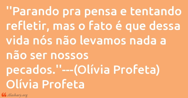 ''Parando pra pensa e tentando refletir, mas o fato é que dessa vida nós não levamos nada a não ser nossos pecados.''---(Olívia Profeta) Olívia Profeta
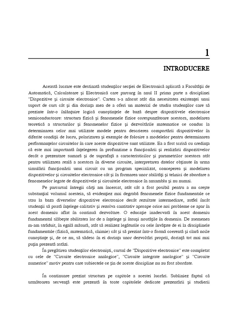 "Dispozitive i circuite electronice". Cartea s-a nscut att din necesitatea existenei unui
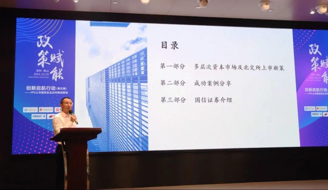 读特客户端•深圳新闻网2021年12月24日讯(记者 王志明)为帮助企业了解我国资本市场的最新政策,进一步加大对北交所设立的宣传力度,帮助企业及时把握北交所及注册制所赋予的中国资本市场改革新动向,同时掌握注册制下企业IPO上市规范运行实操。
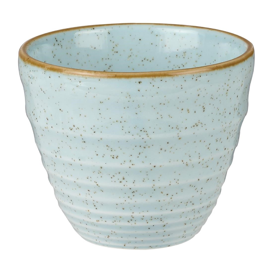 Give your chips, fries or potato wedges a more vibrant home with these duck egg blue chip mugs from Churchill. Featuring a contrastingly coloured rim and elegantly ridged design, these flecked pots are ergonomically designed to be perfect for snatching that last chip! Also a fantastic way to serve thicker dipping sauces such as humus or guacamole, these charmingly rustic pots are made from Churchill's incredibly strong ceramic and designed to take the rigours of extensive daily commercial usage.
...
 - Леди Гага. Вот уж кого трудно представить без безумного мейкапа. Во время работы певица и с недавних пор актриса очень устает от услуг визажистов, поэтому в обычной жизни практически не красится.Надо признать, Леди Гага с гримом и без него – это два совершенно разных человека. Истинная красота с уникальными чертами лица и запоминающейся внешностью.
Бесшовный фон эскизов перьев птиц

__PROBLEM TO WORK ON__.
Beginning with the line above that contains "读特客户端•深圳新闻网202" and finishing with the line that contains "Give your chips, fries", print those lines exactly and only. Skip all pictures.

__OUTPUT BELOW__.
 读特客户端•深圳新闻网2021年12月24日讯(记者 王志明)为帮助企业了解我国资本市场的最新政策,进一步加大对北交所设立的宣传力度,帮助企业及时把握北交所及注册制所赋予的中国资本市场改革新动向,同时掌握注册制下企业IPO上市规范运行实操。
 Give your chips, fries or potato wedges a more vibrant home with these duck egg blue chip mugs from Churchill. Featuring a contrastingly coloured rim and elegantly ridged design, these flecked pots are ergonomically designed to be perfect for snatching that last chip! Also a fantastic way to serve thicker dipping sauces such as humus or guacamole, these charmingly rustic pots are made from Churchill's incredibly strong ceramic and designed to take the rigours of extensive daily commercial usage.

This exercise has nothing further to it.